Note: Values are expressed as median and interquartile range (IQR). The comparison analysis shows a statistical significance between HFR vs. AGR (p < 0.01) in RLTL and RMCTL. A significant difference was found ab p < 0.01.

The TL comparison analysis between the AGR and HFR groups showed a statistically significant difference. RLTL and RMCTL always resulted higher in AGR than in the HFR groups at the first lactation (RLTL p < 0.01; RMCTL p < 0.01; Table 1) and also when the two entire groups were compared (RLTL p < 0.05; RMCTL p < 0.01; Table S1). Tilesi et al. (2010) studied TL in two Italian cattle breeds (Chianina and Maremmana) used for meat production and characterized by high longevity and range breeding; longer telomeres were observed in Maremmana than in Chianina. Interestingly, the selection history of Maremmana (the breed with longer telomeres) is much more similar to that of AGR (reblood with individuals of other breeds for the heads' contraction in recent years) than HFR. Furthermore, the AGR breed is also characterized by high genome stability, probably due to the environment and mild zootechnical selective pressure (Ciotola et al., 2005). Both AGR and HFR were healthy, sampled simultaneously, and reared in the same area and under similar conditions, confirming that telomeres are also determined by heritable quantitative traits derived from both genetic and epigenetic mechanisms (Eisenberg & Kuzawa, 2018). Furthermore, we noticed that relative TL in AGR is naturally longer than in HFR at the same age and lactation stages (Table 1).
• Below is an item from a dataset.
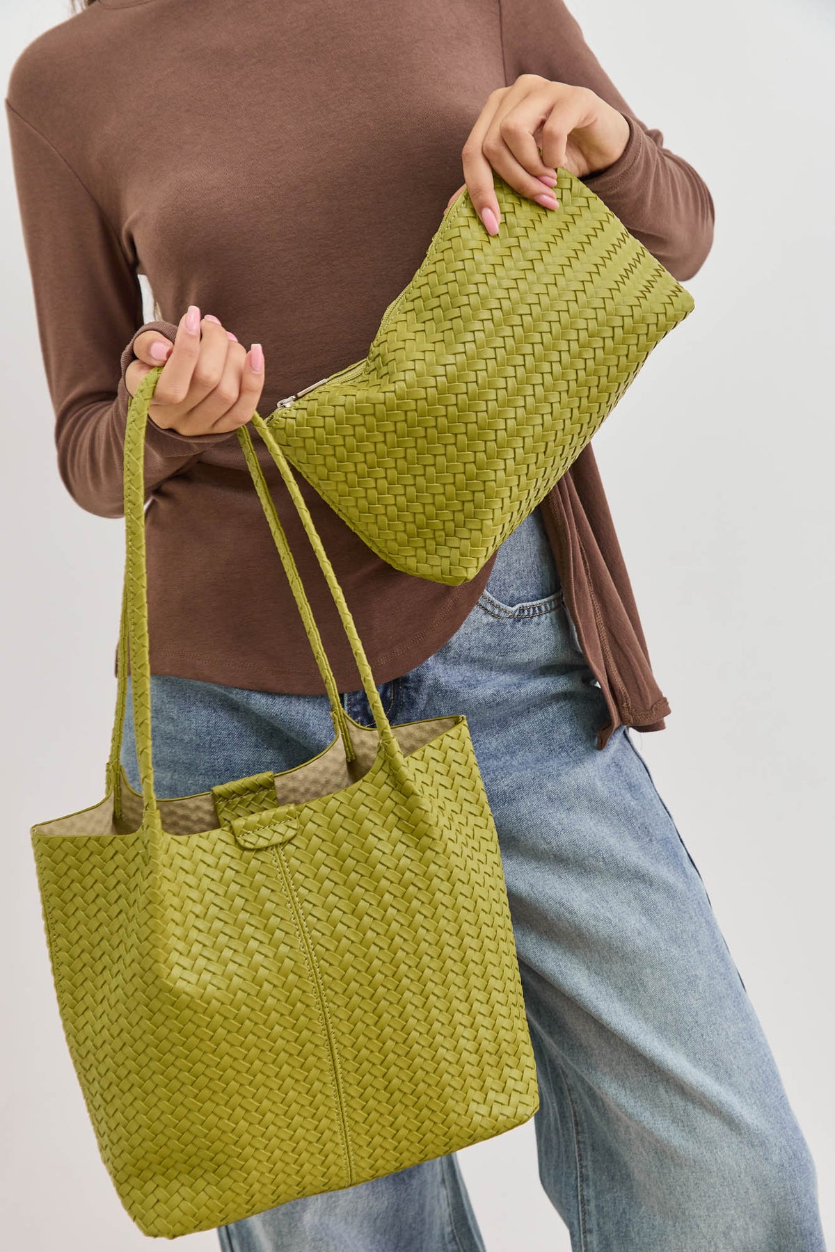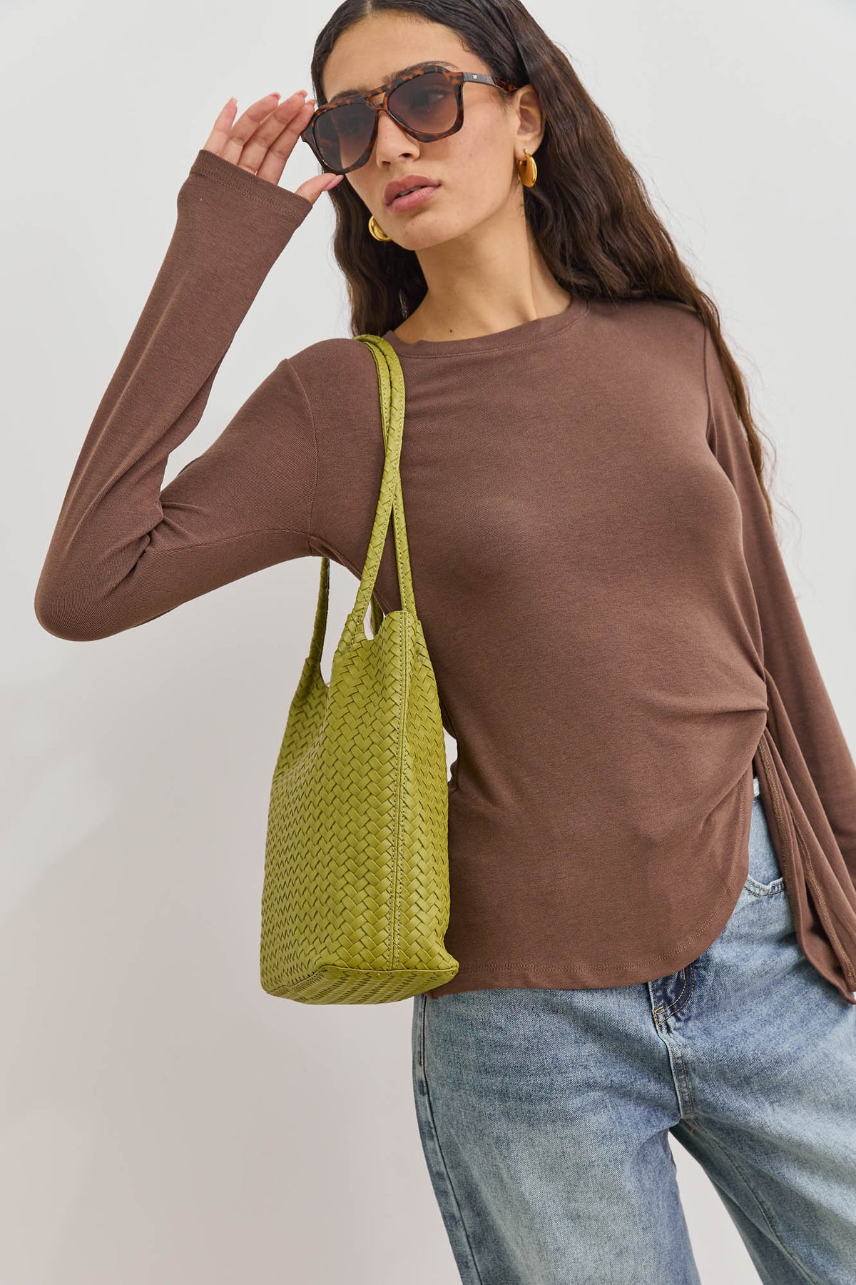 תיק כתף קלוע דמוי עור בשילוב רצועות דקות. לתיק תא אחסון יחיד וסגירת רוכסן מגיע יחד עם תיק מיני

The correlations of RLTL were negative regarding the age of the animal (reported in months) in the AGR group compared with AGRe, showing a significant negative regular correlation between RLTL vs. age in months (r = −0.5; p < 0.0001; Figure S2). Before our study, only Miyashita et al. (2002) studied TL, by terminal restriction fragment, in leukocytes from 50 Japanese black cattle sampled one time (age range 0–18 years), showing the decline in telomere lengths with age. In line with Miyashita et al. (2022), our results demonstrated that RLTL reported an age‐dependent decline (Figure S2) not linked to a specific pathology, as reported in humans, but to senescence. This is probably due to better maintenance of telomerase expression and the lack of age‐related diseases (including cancer, atherosclerosis, autoimmune disorders, obesity, chronic obstructive pulmonary disease, diabetes, hematological disorders, and neurodegenerative diseases) often associated with the increased speed of telomere shortening in elderly humans (Kordinas et al., 2016). Sometimes, it is difficult to separate the effects of chronic and/or age‐related diseases from normal ageing. For this reason, TL can be considered a relevant biomarker of farm animals' general state, revealing potentially risky diseases and environmental stress (Iannuzzi et al., 2019; Seeker et al., 2021) due to the lack of age‐related pathologies.

Still, we observe that the TL in the HFR breed, whose median age at culling is 6 years, is significantly lower than in the AGR breed, supporting the hypothesis that a higher TL may indicate a longer productive lifespan.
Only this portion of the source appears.